Problem requirements:
Exactly as written, please repeat the data that follows, but not the pictures.
---
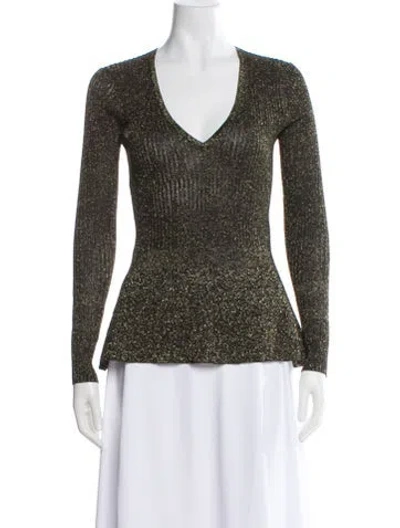 Pre-owned Patterned V-neck Top In White
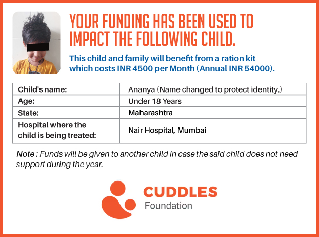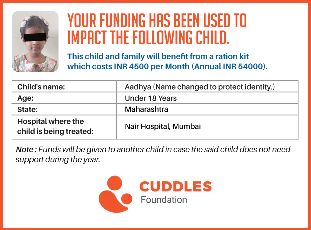 This campaign of mine is being done in partnership with the NGO -Cuddles Foundation and aims to fight hunger and malnutrition in children from low-income homes by giving them a MONTHLY RATION BASKET. This improves their chance of survival by 70% and ultimately does save lives. The baskets are given to children at the Tata Memorial Hospital, BJ Wadia Children's Hospital, Lokmanya Tilak Municipal General Hospital, Nair Hospital, King Edward Memorial Hospital, Comprehensive Thalassemia Care Pediatric Hematology-Oncology BMT Centre, and Society for Rehabilitation of Crippled Children in Mumbai. This costs just INR 4500 per month.
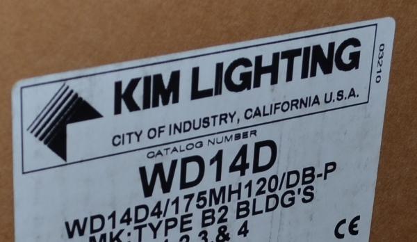WD14D KIM LIGHTING 175W METAL HALIDE FIXTURES FOR USE ON RETAIL COMPLEX EXTERIOR WALLS FOR LIGHTING OUTDOOR AREAS OF THE STORE FOR SECURITY AND SAFTEY PURPOSES, LIST IS $632.00 EACH
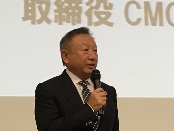会見するアスクルの岩田彰一郎社長(筆者撮影)
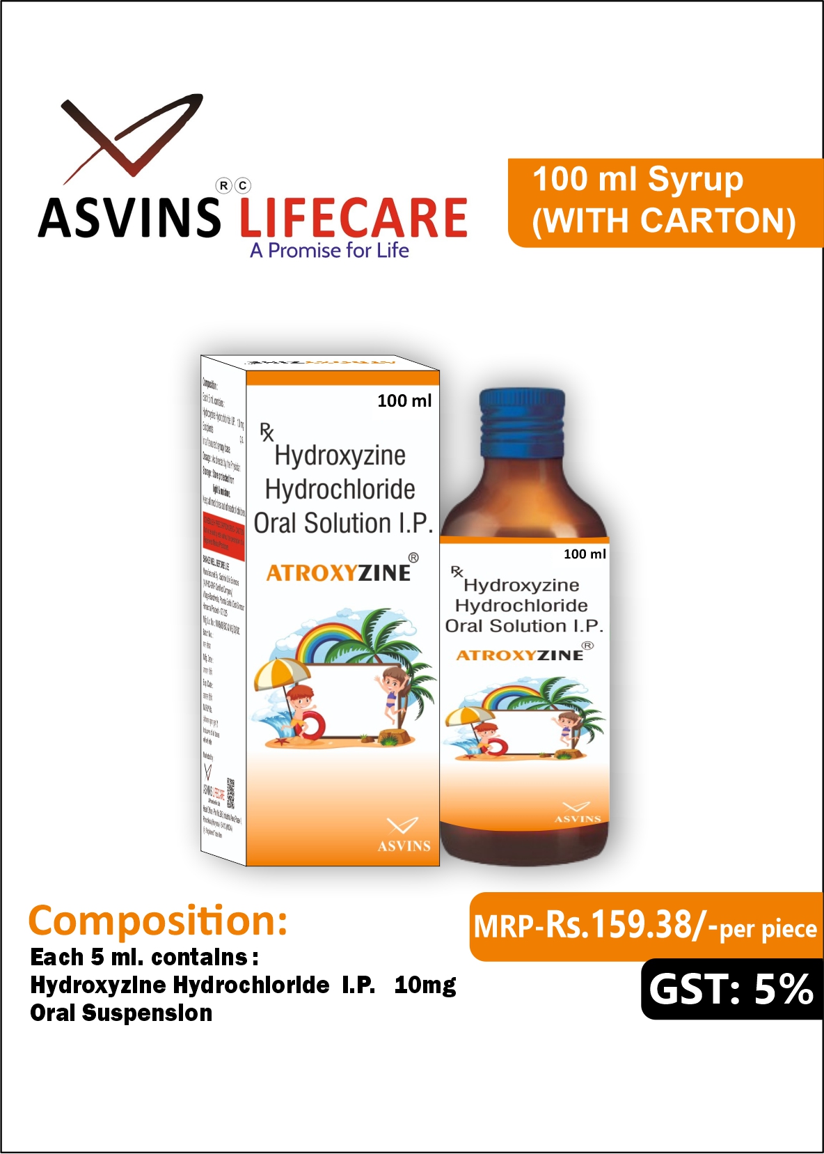 Hydroxyzine Hydrochloride IP 10mg Syrup
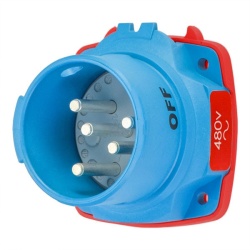 Meltric 63-38047-972 Switch-Rated DSN30 Inlet 277/480 VAC 30A Blue Poly 3P+N+G 3 HP,15 HP
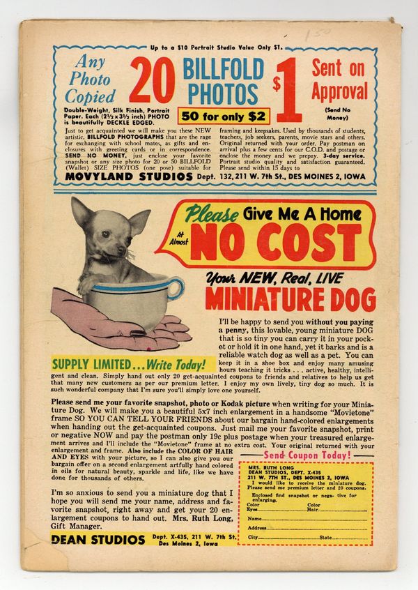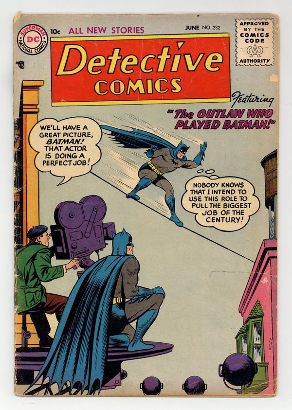 Cover art by Curt Swan and Stan Kaye. The Outlaw Who Played Batman starring Batman with Robin, pencils by Dick Sprang. The Man Who Could Eat Metal starring Roy Raymond TV Detective, art by Ruben Moreira. Casey the Cop humor page by Henry Boltinoff. The Dog with A Martian Master starring John Jones Manhunter from Mars, art by Joe Certa. 36 pgs. $0.10. Cover price $0.10.
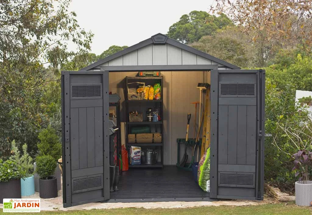Votre abri dispose d’une double porte de 1,48 x 1,82 m l,(h) avec dispositif de verrouillage en acier inoxydable (cadenas non inclus). Pour un abri vraiment unique, vous avez la possibilitĂ© de le peindre (uniquement les murs) avec de la peinture acrylique.Â
---
Response area:
 Pre-owned Patterned V-neck Top In White
 This campaign of mine is being done in partnership with the NGO -Cuddles Foundation and aims to fight hunger and malnutrition in children from low-income homes by giving them a MONTHLY RATION BASKET. This improves their chance of survival by 70% and ultimately does save lives. The baskets are given to children at the Tata Memorial Hospital, BJ Wadia Children's Hospital, Lokmanya Tilak Municipal General Hospital, Nair Hospital, King Edward Memorial Hospital, Comprehensive Thalassemia Care Pediatric Hematology-Oncology BMT Centre, and Society for Rehabilitation of Crippled Children in Mumbai. This costs just INR 4500 per month.
WD14D KIM LIGHTING 175W METAL HALIDE FIXTURES FOR USE ON RETAIL COMPLEX EXTERIOR WALLS FOR LIGHTING OUTDOOR AREAS OF THE STORE FOR SECURITY AND SAFTEY PURPOSES, LIST IS $632.00 EACH
会見するアスクルの岩田彰一郎社長(筆者撮影)
 Hydroxyzine Hydrochloride IP 10mg Syrup
 Meltric 63-38047-972 Switch-Rated DSN30 Inlet 277/480 VAC 30A Blue Poly 3P+N+G 3 HP,15 HP
 Cover art by Curt Swan and Stan Kaye. The Outlaw Who Played Batman starring Batman with Robin, pencils by Dick Sprang. The Man Who Could Eat Metal starring Roy Raymond TV Detective, art by Ruben Moreira. Casey the Cop humor page by Henry Boltinoff. The Dog with A Martian Master starring John Jones Manhunter from Mars, art by Joe Certa. 36 pgs. $0.10. Cover price $0.10.
Votre abri dispose d’une double porte de 1,48 x 1,82 m l,(h) avec dispositif de verrouillage en acier inoxydable (cadenas non inclus). Pour un abri vraiment unique, vous avez la possibilitĂ© de le peindre (uniquement les murs) avec de la peinture acrylique.Â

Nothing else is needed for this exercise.